FIG. 2 is an isometric view of a clot retrieval device illustrated in FIG. 1. In some examples, the clot removal device 100 can include a cage structure 110 including a first tapered portion at a proximal end 119 of the cage structure 110, a shaft 120 including a second tapered portion at a distal end of the shaft 120, and a proximal bond 123 in which the first tapered portion is positioned in a non-engaging overlap 130 with the second tapered portion (scc FIG. 3).

In some examples, the cage structure 110 can further include an open distal end 113 and a proximal spiral section 111. The proximal spiral section 111 can include a first plurality of struts 112 extending distally from the proximal end 119 of the cage structure 110 and configured to pinch a clot 700 between at least one of the first plurality of struts 112. The proximal spiral section 111 can extend over a majority of a length 127 of the cage structure 110 from the proximal end 119 to the open distal end 113.

In some examples, the cage structure 110 can further include a cylindrical body section 114 distal to the proximal spiral section 111. The cylindrical body section 114 can include a second plurality of struts 115 larger than the first plurality of struts 112, and the cylindrical body section 114 has a length 116 measuring less than a length 117 of the proximal spiral section 111. In some examples, the cylindrical body section 114 has an outer diameter 118 of approximately 2.5 mm.

The cage structures 110 of the designs disclosed are desirably made from a material capable of recovering its shape automatically once released from a highly strained delivery configuration.
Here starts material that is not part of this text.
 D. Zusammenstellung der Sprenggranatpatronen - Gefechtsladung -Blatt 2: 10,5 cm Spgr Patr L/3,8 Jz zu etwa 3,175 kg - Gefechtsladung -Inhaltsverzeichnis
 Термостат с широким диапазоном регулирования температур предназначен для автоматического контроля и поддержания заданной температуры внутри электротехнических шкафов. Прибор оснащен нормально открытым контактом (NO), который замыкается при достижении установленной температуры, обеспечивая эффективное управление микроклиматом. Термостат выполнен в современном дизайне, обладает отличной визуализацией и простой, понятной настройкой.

A superelastic material such as Nitinol or an alloy of similar properties is particularly suitable. The material can be in many forms such as wire or strip or sheet or tube. A particularly suitable manufacturing process is to laser cut a Nitinol tube and then heat set and electropolish the resultant structure to create a framework of struts and connecting elements. This framework can be any of a huge range of shapes as disclosed herein and may be rendered visible under fluoroscopy through the addition of alloying elements or through a variety of other coatings or marker bands.

In some examples, the cage structure 110 can further include cells, struts, and a variety of shapes and designs configured for pinching fibrin rich clots, including those described in U.S. Pat. Nos. 10,292,723; 10,363,054; 10,617,435; 11,253,278; and 11,147,572, each of which are incorporated by reference in their entirety as if set forth verbatim herein. Compression of the clot 700 by the cage structure 110, including by the cylindrical body section 114, can alter the clot properties and make the clot 700 less amenable to retrieval by making it firmer and “stickier” similar to as described in WO2012/120490A, the entire contents of which are herein incorporated by reference.
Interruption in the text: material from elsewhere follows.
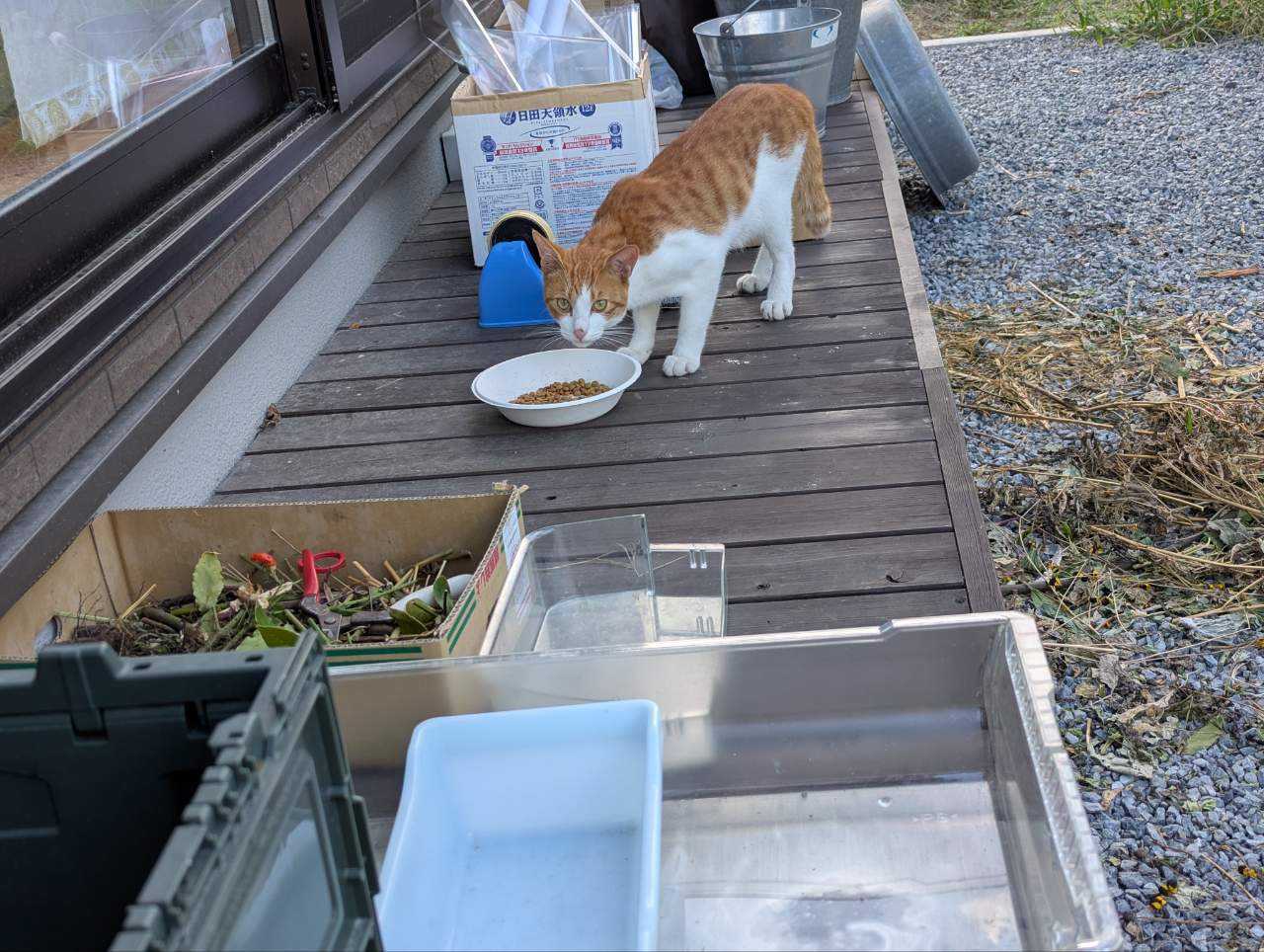 いつも野良猫の茶トラが農地に訪問していますが、今日はお友達を連れてきました。写真に写っているのはお友達の猫です。常連の茶トラの猫は警戒心が強く、遠くに離れていますので撮影ができませんでした。農業と動物は相性がいいのか、自然に親しみたいのは動物もいっしょですね。
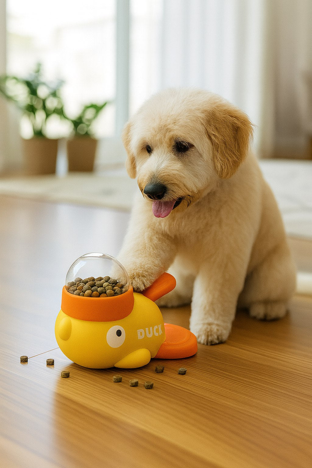 ¡Presentamos el comedero rompecabezas interactivo para perros y gatos con un adorable diseño de pato!

In some examples, distal advancement of the catheter 300 relative to the cage structure 110 can compress the clot 300 between the distal end of the catheter 300 and the cage structure 110, increasing the pinch on the clot 700 and the security of the trapped clot segment. The user may feel this pinch as a resistance and stop advancing the catheter 300, the user may advance the delivery catheter 300 a fixed distance over the shaft 120 for example 30% to 50% of the shaft length.
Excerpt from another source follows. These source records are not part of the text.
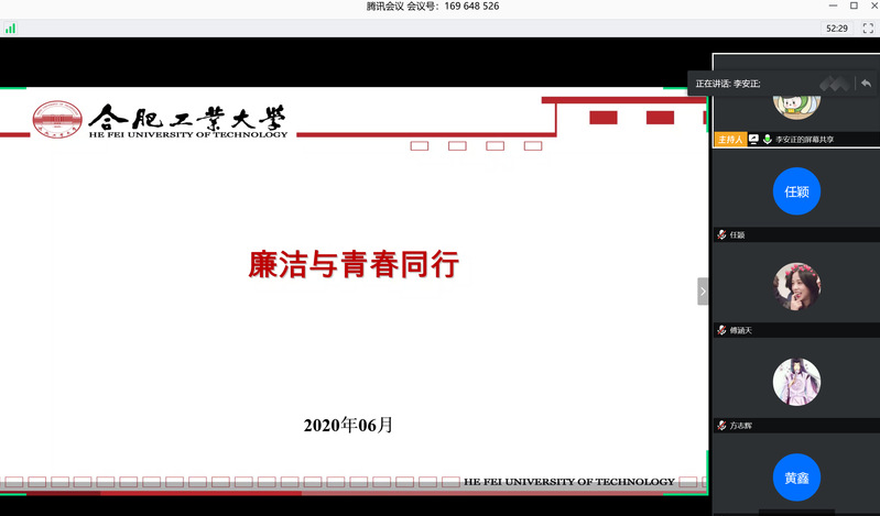 为进一步加强落实学生廉洁教育,促进毕业生提高认识、转变作风、遵章守纪、廉洁从业,6月11日-14日,数学学院通过腾讯会议平台在2020届本科毕业生中开展了“廉洁与青春同行”主题教育活动。
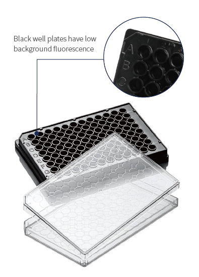 96-well cell culture plate, black bottom, black plate, clear lid, TC-treated | 11516 | 1pc/bag, 100bags/case | 147,000 |
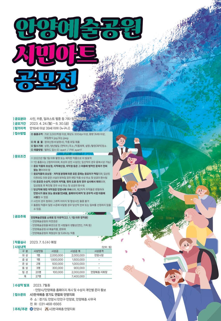 6. 문의처 : 사)한국예총 경기도 연합회 안양지회 ❍ 주 소 : 경기도 안양시 만안구 안양로, 안양예총 사무국 ❍ 전 화 : 031-468-6565

FIG. 3 illustrates a cross-sectional view of the bond according to this disclosure. In some examples, the proximal bond 123 can include a weld between the first tapered portion and the second tapered portion and a material coating 124 over at least a portion of the first tapered portion, at least a portion of the second tapered portion, and at least a portion of the weld. In some examples, the non-engaging overlap 130 can be laser welded at two points 133, and the material coating 124 can be bonded to the shaft 120 and the cage structure 110 at two points 134.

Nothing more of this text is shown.